The Skill Layer uses markdown files rather than code to define commands, making the interface self-documenting and version-controllable. Each file in `skills/` describes the analytical intent (the "what") while remaining agnostic to implementation, allowing the underlying Agent and Tool layers to evolve without changing the user interface.

### Why does the Agent Layer use four specific "master" agents?

The four masters (段永平, 巴菲特, 芒格, 李录) represent distinct investment philosophies that analyze targets in parallel. This design ensures comprehensive coverage of value, quality, and growth perspectives. The Team Lead Agent then synthesizes these independent viewpoints into a consensus recommendation, reducing single-perspective bias while maintaining analytical depth.

### What makes the Tool Layer's calculations auditable?

The Tool Layer implements all financial arithmetic using Python's `decimal.Decimal` class instead of floating-point numbers, eliminating rounding errors. Functions like `verify_market_cap` in [`tools/financial_rigor.py`](https://github.com/xbtlin/ai-berkshire/blob/main/tools/financial_rigor.py) perform cross-source verification and return boolean validation results, creating a paper trail where every numeric assertion can be traced back to specific input parameters and calculation logic.
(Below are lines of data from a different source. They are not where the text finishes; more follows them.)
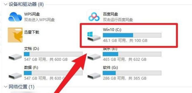 2、双击打开c盘。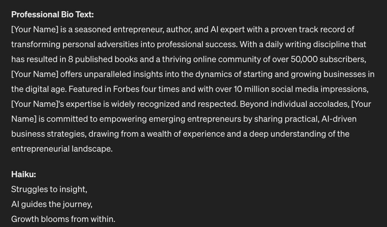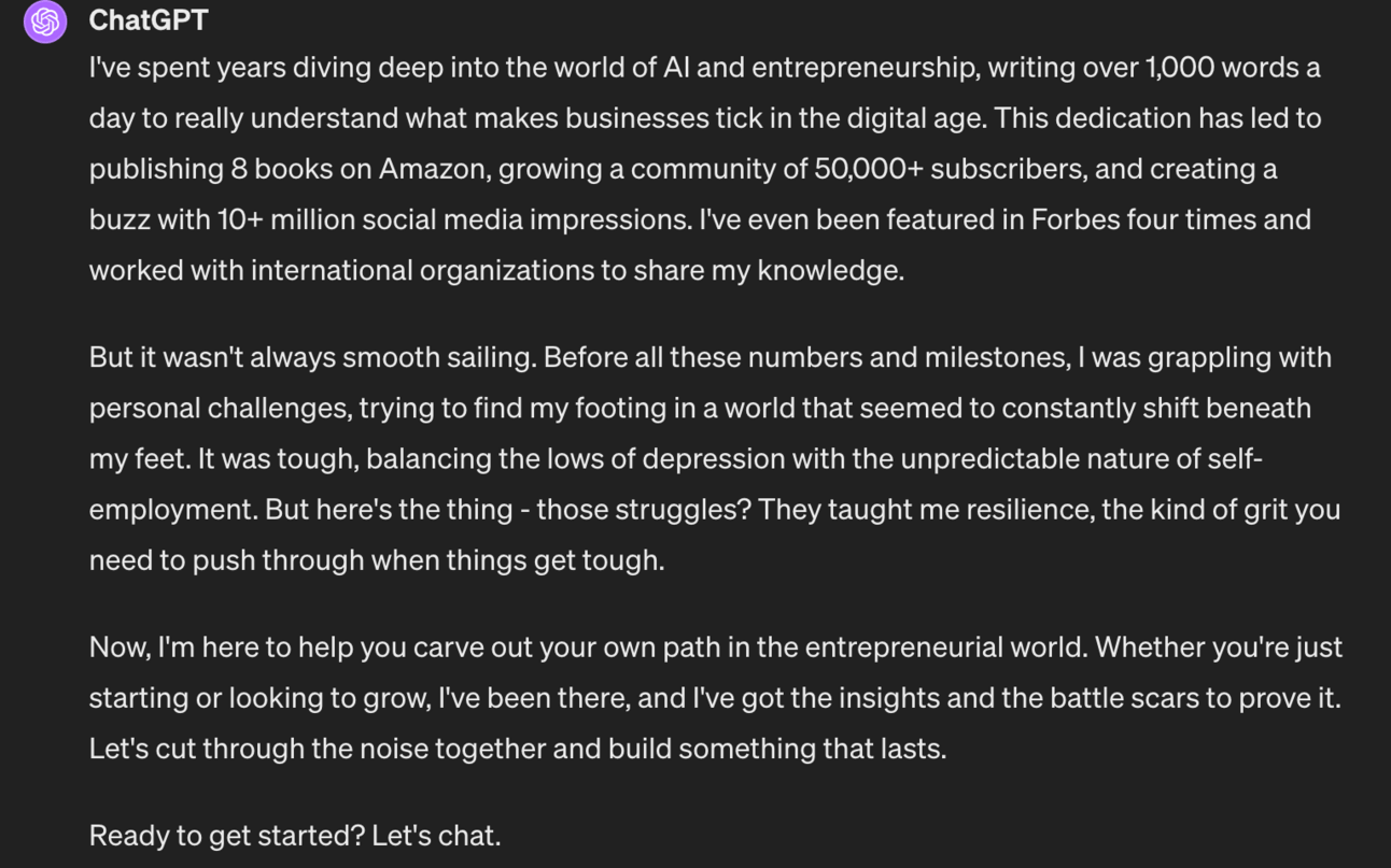 We’re going to use ChatGPT to draft our personal story and then work on converting it into our own words.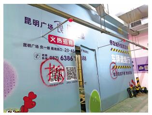 趙先生說,同德昆明廣場的地下商業(yè)部分與小區(qū)A區(qū)地下停車場是連通的,在車位上修建筑,很可能之后要作為商鋪出租。“之前就有一些停車位被他們修成了倉庫,用來出租。”記者看到,現(xiàn)場部分圍合起來的區(qū)域墻體上,確實(shí)打著寫有“昆明廣場食尚匯火熱招商”等字樣的廣告。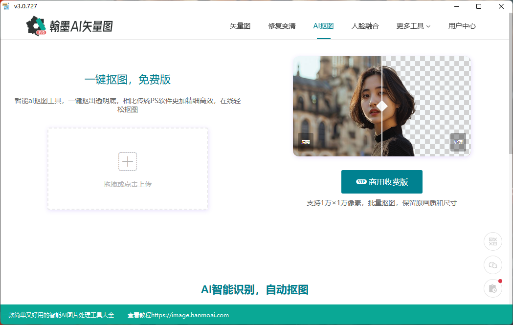 智能ai抠图工具,一键抠出透明底,相比传统PS软件更加精细高效,在线轻松抠图。支持1万×1万像素,批量抠图,保留原画质和尺寸。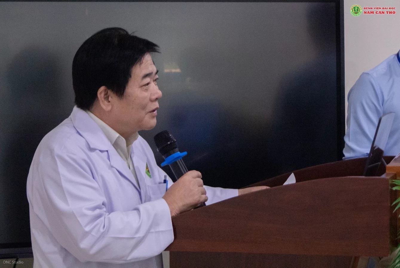 PGS. TS. BS. Đàm Văn Cương – Giám đốc Bệnh viện Đại học Nam Cần Thơ cũng có đôi lời phát biểu. (Ảnh: DNC Studio)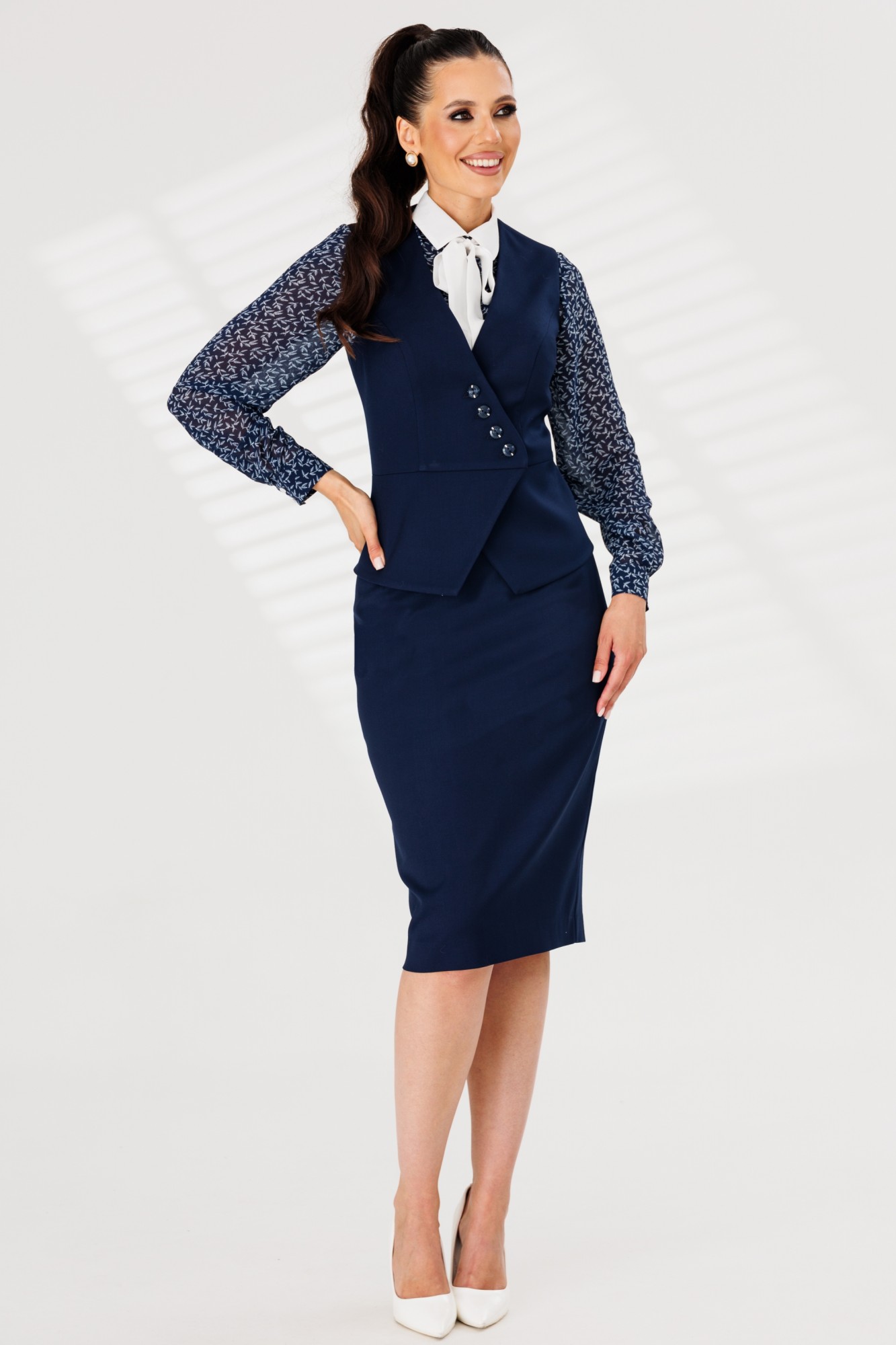 Юбочный костюм Мода Юрс 2766 тройка синий с ID товара 400978
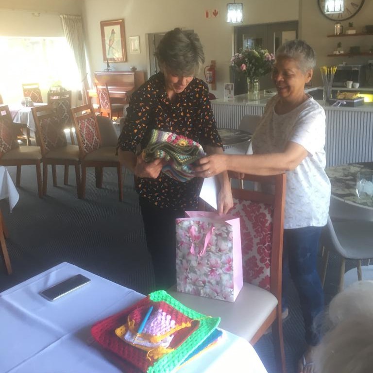 The ladies of the VGH 1 Chatterbox group presented Chantell Minaar, VGH 1 catering manager, a crocheted blanket for her birthday. Sharol thanked Chantell for her dedicated service and the help she provides the residents.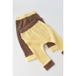 Set 2 pantaloni Ribana Bebe Unisex din bumbac organic si 5% elastan Vanilie/Maro marime 18-24 luni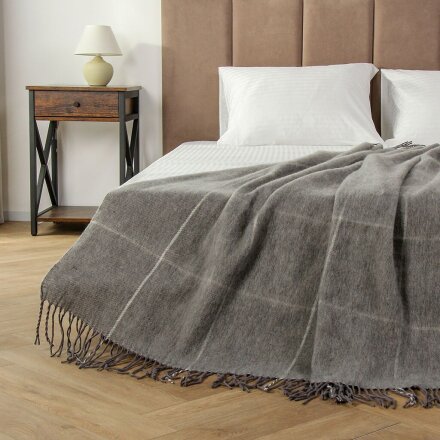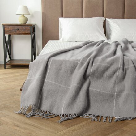 Плед 1.5-спальный, 140х200 см, 100% новозеландская шерсть, Vladi, Осло, белый, светло-серый, 12S/BATTLE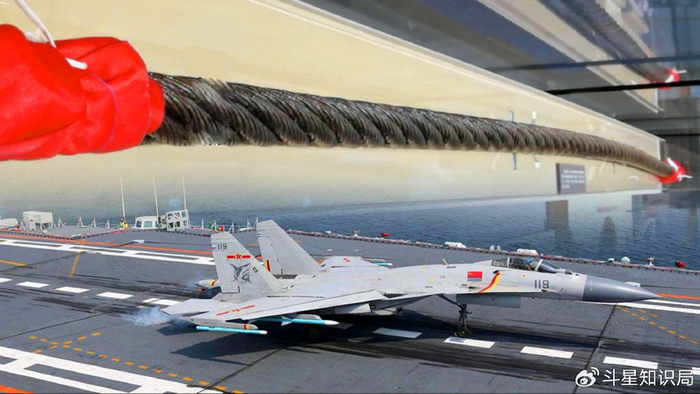 航母阻拦索,又称阻拦索,顾名思义,就是用来拦住舰载机的装置。现代阻拦系统由阻拦索、滑轮缓冲装置、液压阻尼器等组成。当战机尾钩勾住钢索,滑轮组立即带动液压油缸,将动能转化为液压油的热能。这个过程中,计算机需在0.1秒内计算出最佳阻尼力,确保战机在100米内完成制动。舰载机在航母上降落时,速度高达200-300公里/小时,而航母甲板长度有限,最长不过300多米,而舰载机陆地降落至少需要1000米跑道,哪怕开足反推,也得500米才能停稳,仅靠飞机自身刹车根本无法在短时间内停下。阻拦索的作用,就是在飞机尾钩挂住钢索的瞬间,通过液压缓冲系统吸收巨大动能,让飞机在2-3秒内安全停稳。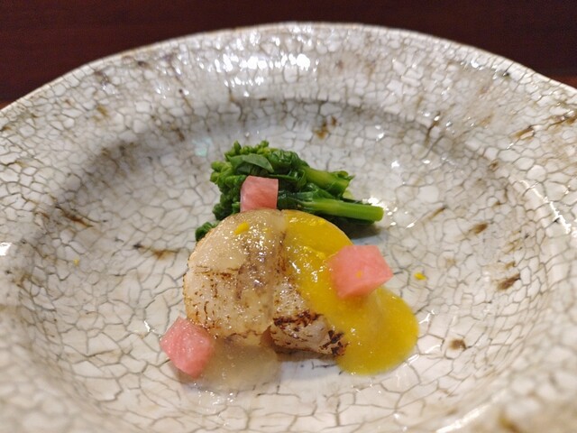 先付。金柑のジュレが帆立の旨みを際立たせる。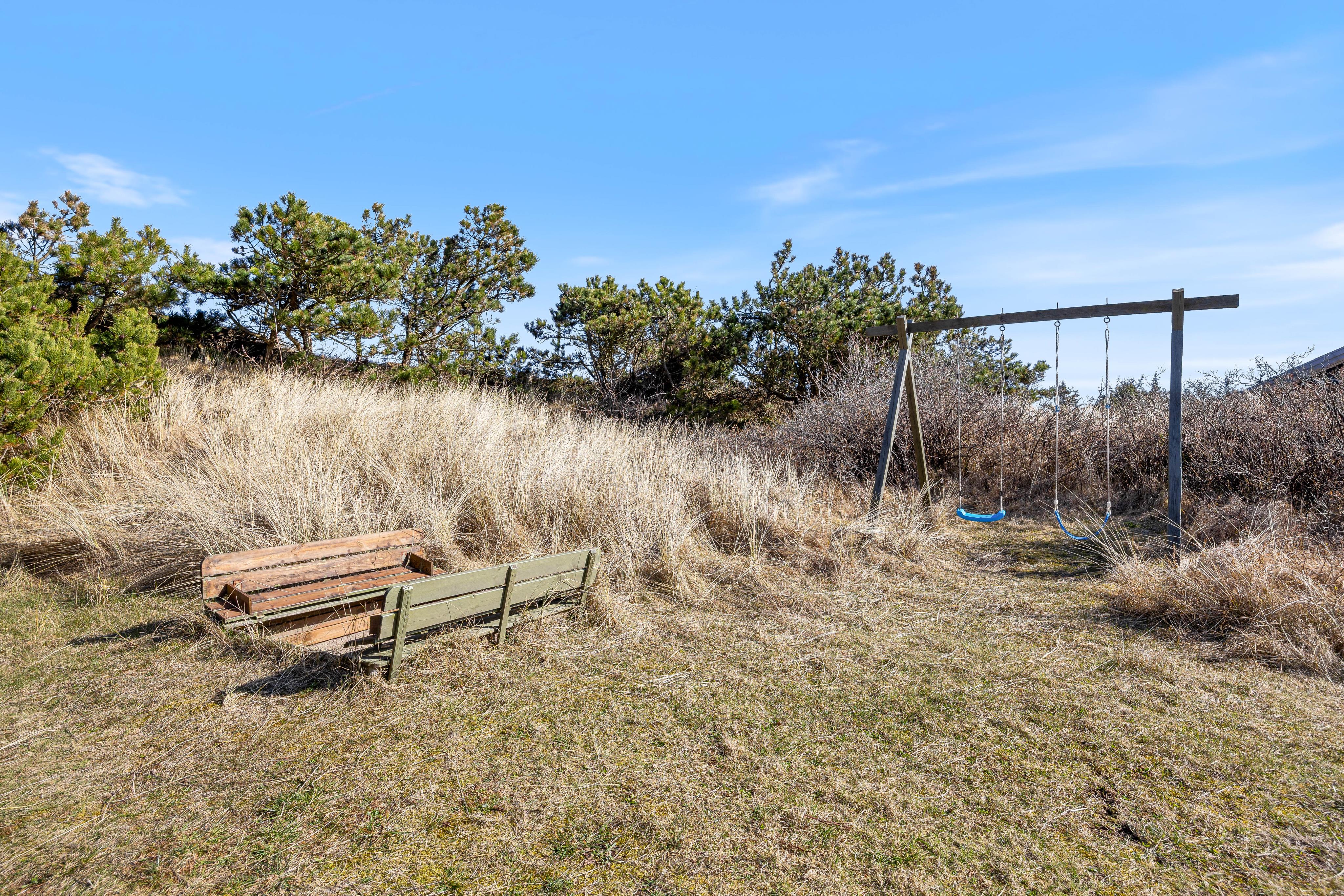 Til uderummet hører også et gyngestativ og en sandkasse. Det giver børnene mulighed for at fordybe sig i leg, mens du sidder på terrassen og nyder ferien.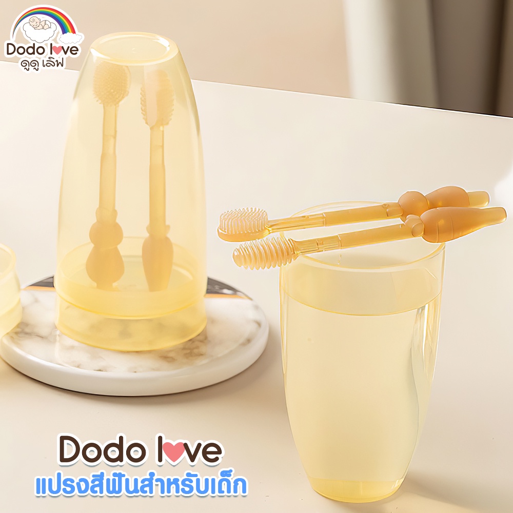 DODOLOVE ชุดแปรงสีฟันเด็ก 2 ชิ้น ซิลิโคน สําหรับเด็กทารก 0-18 เดือน ทําความสะอาดช่องปาก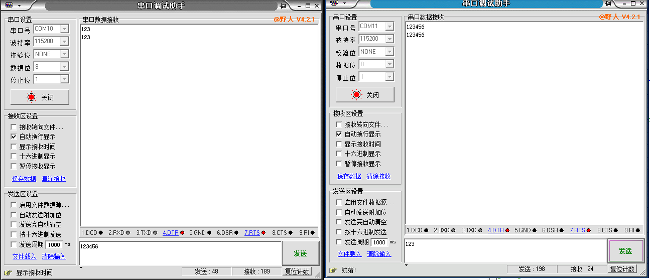 電腦打開2個(gè)串口調(diào)試助手軟件,打開兩個(gè)模塊對(duì)應(yīng)的USB-RS232/485串口線COM口號(hào),發(fā)送端模塊串口發(fā)送數(shù)據(jù)透?jìng)鹘o接收端所有的設(shè)備。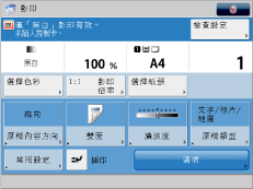 [允許黑白影印/列印工作]設定為「開啟」時,若按[黑白影印/列印]登入,在「影印基本功能」螢幕上會出現一個類似下面的訊息,提示只能進行黑白影印。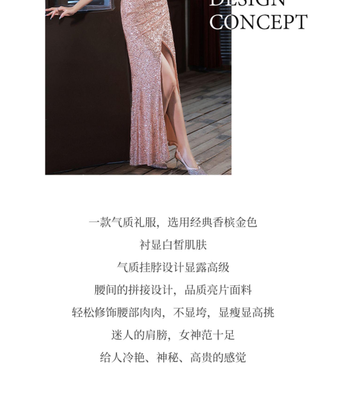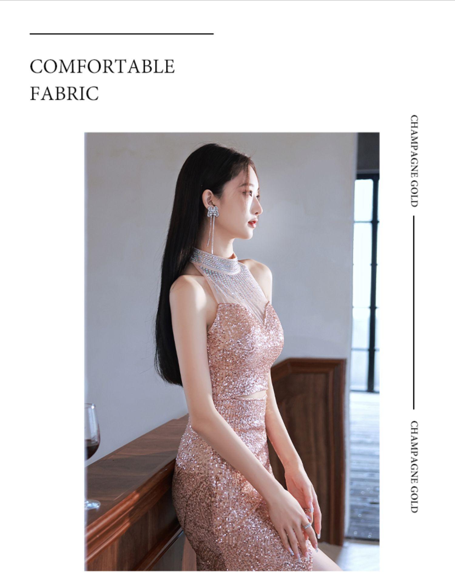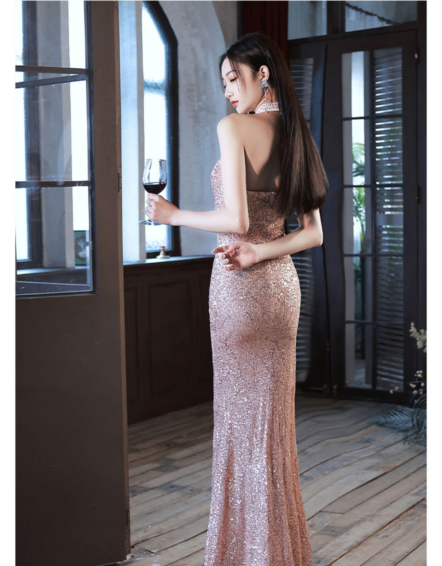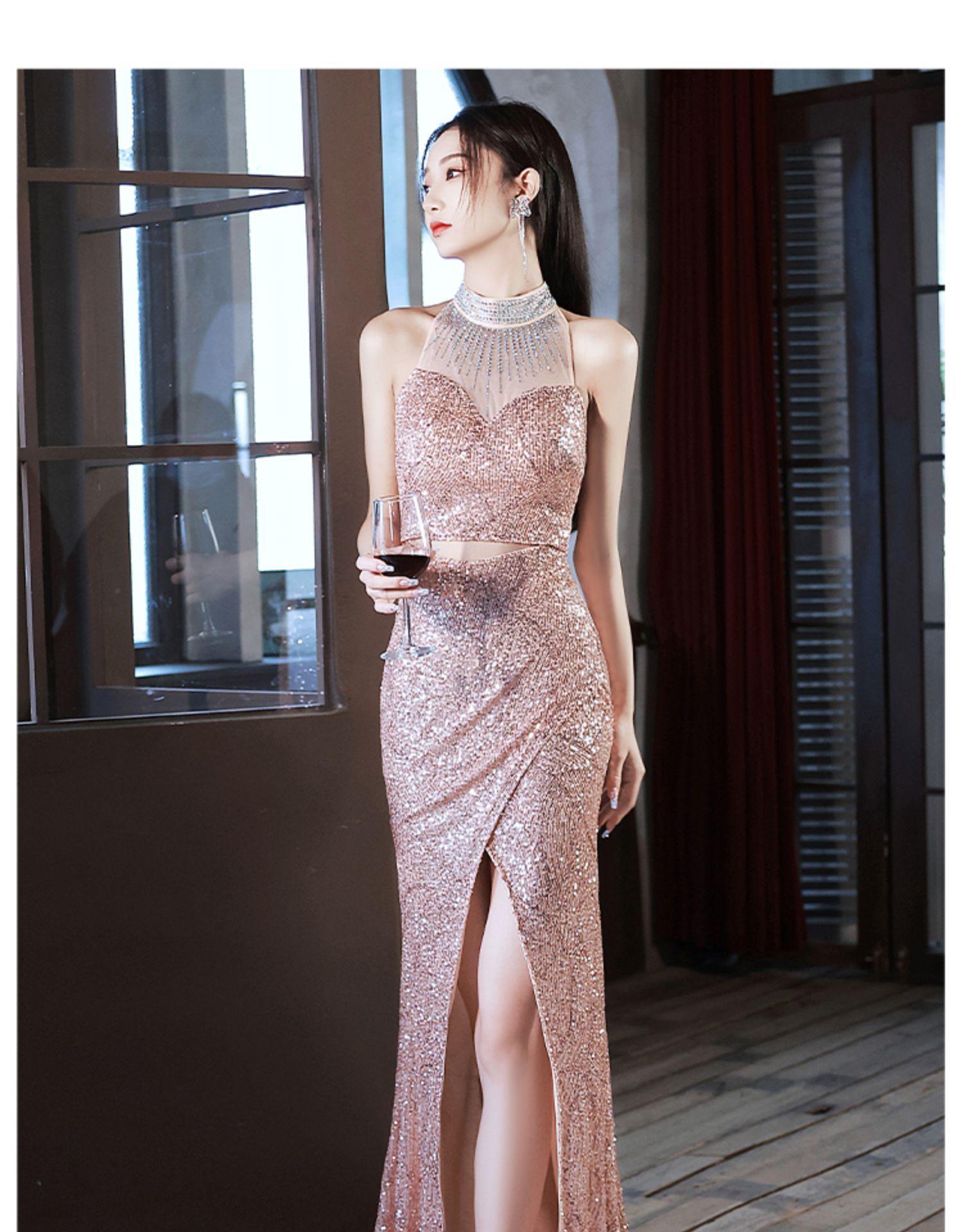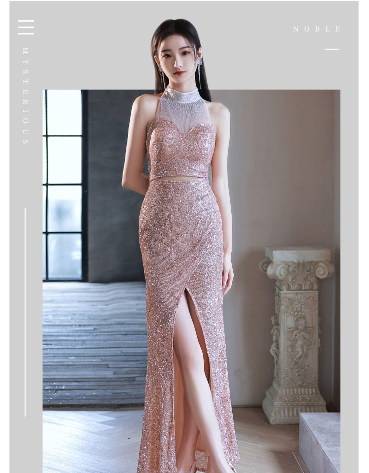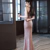 Vestido de noche personalizado para mujer, elegante, ligero, de lujo, de alta gama, con cola de pez, sin mangas, con abertura.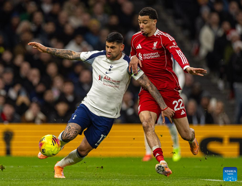Liverpool's Hugo Ekitike (R) is challenged by Tottenham Hotspur's Cristian Romero during the English Premier League match between Tottenham Hotspur FC and Liverpool FC at the Tottenham Hotspur Stadium in London, Britain, on Dec. 20, 2025. (Xinhua)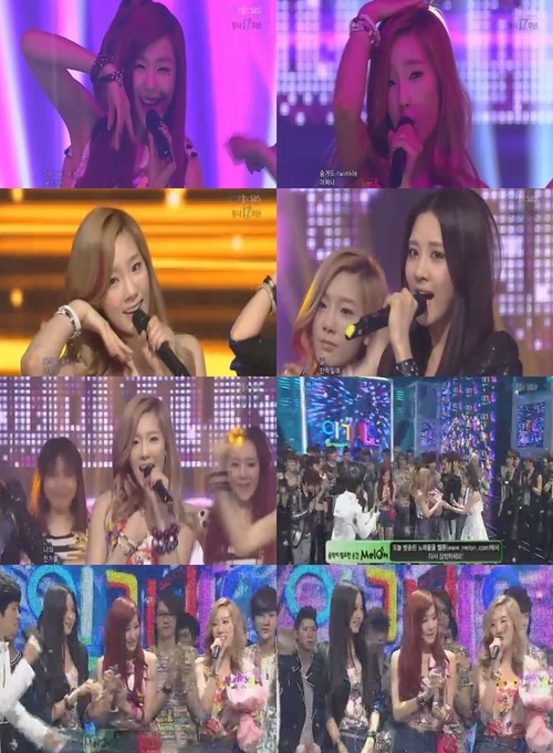 태티서는 27일 방송된 SBS '생방송 인기가요'에서 곡 '트윙클'로 1위에 해당하는 뮤티즌송을 차지했다.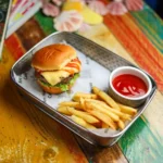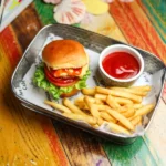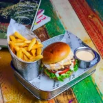 Vegan meat patty with lettuce, onion, tomato, aioli and house sauce on brioche bun with French fries.

### Can I use the Tool Layer without invoking the full Agent workflow?

Yes, the Tool Layer is designed for independent use. You can import functions directly from [`tools/financial_rigor.py`](https://github.com/xbtlin/ai-berkshire/blob/main/tools/financial_rigor.py) or execute them via CLI arguments. This modularity allows advanced users to perform quick validations or build custom workflows while still leveraging the same rigorous calculation logic used by the full three-layer pipeline.